╭──

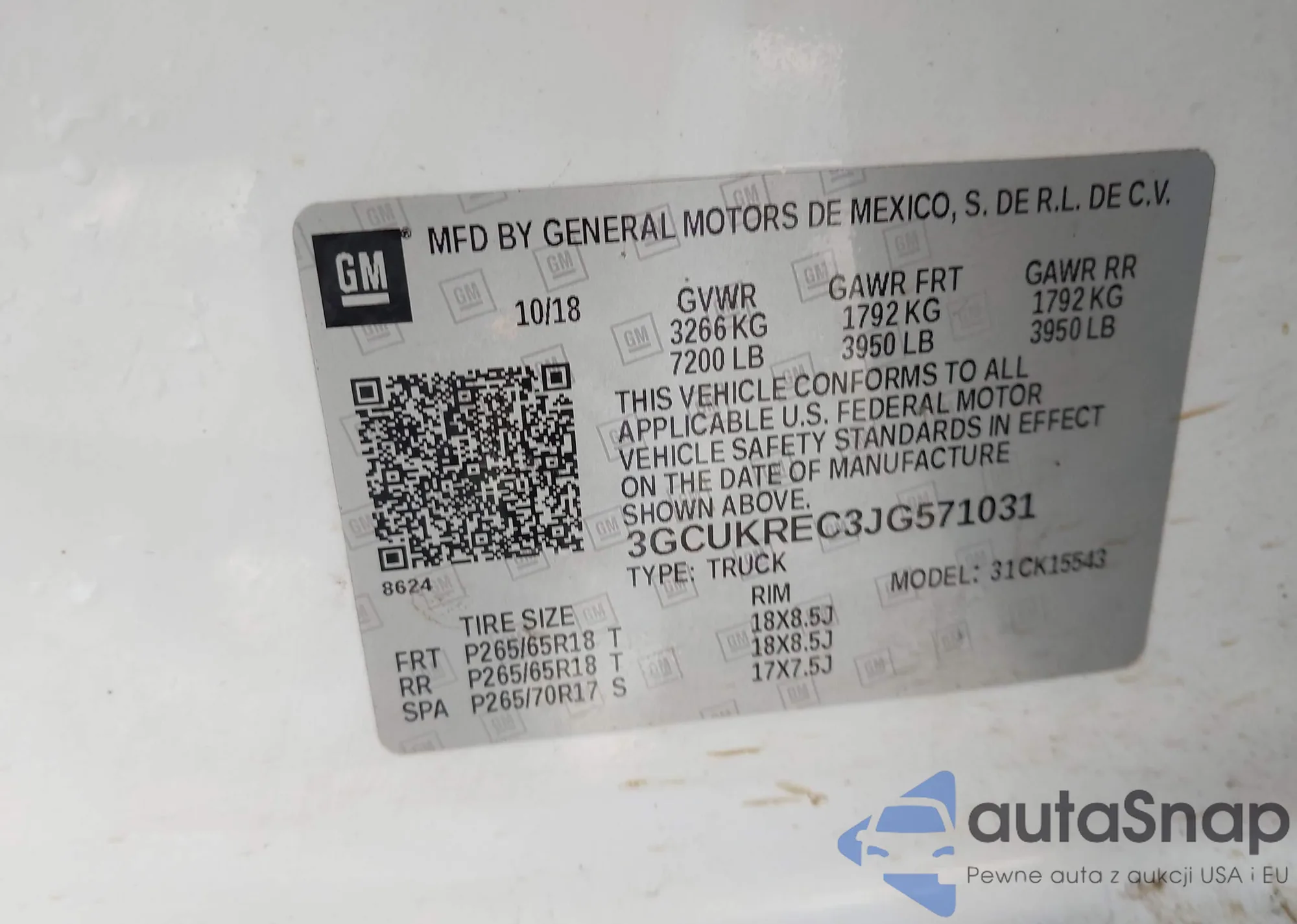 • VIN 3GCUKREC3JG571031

╰──
╭──

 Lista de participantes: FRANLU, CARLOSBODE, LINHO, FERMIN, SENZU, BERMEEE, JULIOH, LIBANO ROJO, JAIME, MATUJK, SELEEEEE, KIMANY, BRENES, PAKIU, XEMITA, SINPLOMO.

╰──
╭──

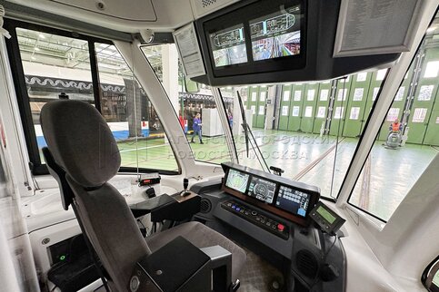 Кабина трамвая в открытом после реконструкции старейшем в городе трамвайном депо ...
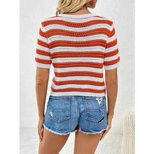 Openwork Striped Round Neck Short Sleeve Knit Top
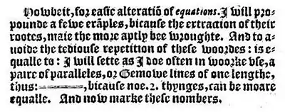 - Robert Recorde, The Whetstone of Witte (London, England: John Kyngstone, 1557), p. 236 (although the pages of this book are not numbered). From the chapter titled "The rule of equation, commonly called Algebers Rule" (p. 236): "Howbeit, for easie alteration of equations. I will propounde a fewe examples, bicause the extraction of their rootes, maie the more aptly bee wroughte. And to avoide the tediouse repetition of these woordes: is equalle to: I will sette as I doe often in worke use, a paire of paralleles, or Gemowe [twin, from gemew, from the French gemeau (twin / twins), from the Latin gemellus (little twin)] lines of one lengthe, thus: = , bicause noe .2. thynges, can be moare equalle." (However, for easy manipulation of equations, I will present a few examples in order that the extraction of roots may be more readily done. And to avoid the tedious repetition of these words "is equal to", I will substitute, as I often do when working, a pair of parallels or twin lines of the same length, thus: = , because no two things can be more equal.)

╰──

WHAT YOU ARE ASKED TO DO -
Because only one stretch of the records is wanted, please output the lines from the one holding "Кабина трамвая в" through the one holding "Openwork Striped Round" exactly, both included, and leave every picture out.

RESPONSE TO THIS EXERCISE -
 Кабина трамвая в открытом после реконструкции старейшем в городе трамвайном депо ...
 Openwork Striped Round Neck Short Sleeve Knit Top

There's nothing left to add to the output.